Here are common concepts explored in geometry courses:
- Fractal dimension
List of Courses
A fractal is a geometric object that can be split into parts to create smaller copies of the original object. Students in this class study the principles and concepts of fractal geometry, such as common fractal sets and the Iterated Function System. They analyze how different behaviors, such as chaos and multifractals, can cause small changes which can have large effects. Exercises may include applying the study of random fractals to the stock market to search for patterns within the randomness.
In this course, students see geometry through a practical light as they apply each of the concepts to a specific group or incident. They explore linear and nonlinear equations. They also study geometry in projective space. Students apply different concepts, such as points at infinity, to the different dimensions.

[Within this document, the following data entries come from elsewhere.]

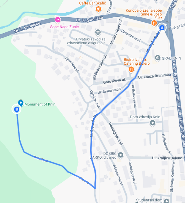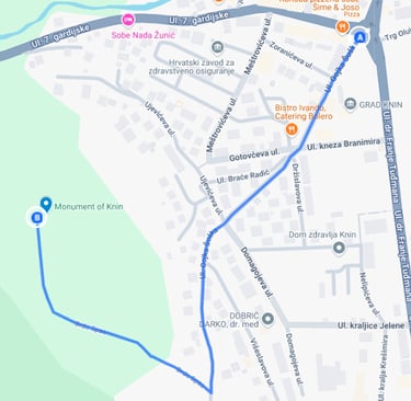 Directions: You can see on the map how to get to the monument from the roundabout in Knin, it's a 1 km walk. Make sure you wear footwear fit for hiking- the path in the hill is bumpy and there is tall grass in some places when you get to the top. Also, keep in mind that most of this road, some 700m, is uphill. There is a parking lot at the base of the fortress, so you can get there by car if you don't feel like walking all the way, but the last 400m is a walking path.
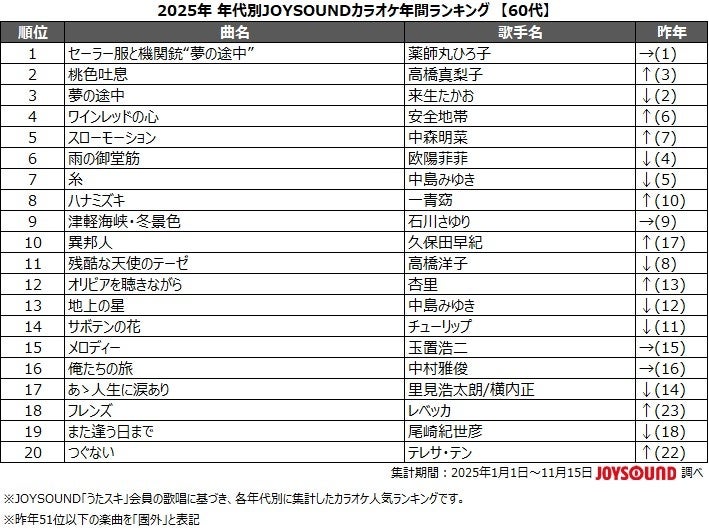 今も色褪せることがない青春時代を彩った往年の名曲を愛する60代。50代と同様、薬師丸ひろ子「セーラー服と機関銃“夢の途中”」がトップに!多少の順位変動は見られるものの、高橋真梨子の「桃色吐息」や来生たかおの「夢の途中」など、長年愛され続けてきた名曲が強さをみせています。
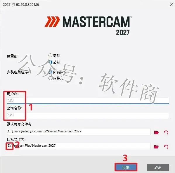 6.用户名和公司名随意输入,将目标文件夹路径中的C改为D(C改为D 表示软件装到D盘)然后点击完成。
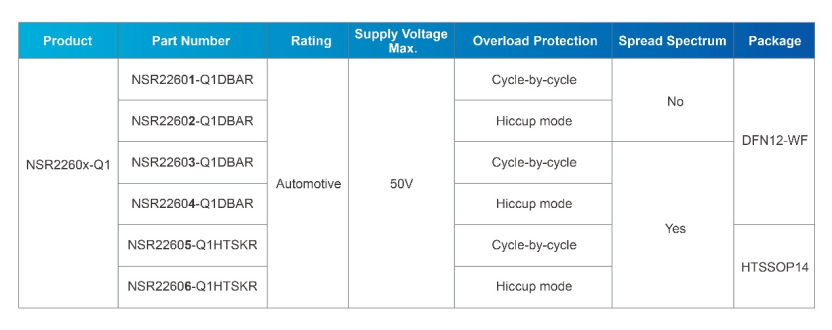 NSR2260x-Q1系列提供两种封装选项,兼顾高功率密度设计与散热性能:

Projective geometry does not use angles because angles do not exist in all of the other planes.
Education majors taking this course examine practical methods for teaching geometry to elementary students, middle school students and high school students. They explore resources available to teachers and use technology that can make learning basic, intermediate and advanced geometry fun and effective. Future teachers can also explore web-based methods of teaching and learning. Often, students complete a lesson plan that incorporates the different methods of teaching geometry.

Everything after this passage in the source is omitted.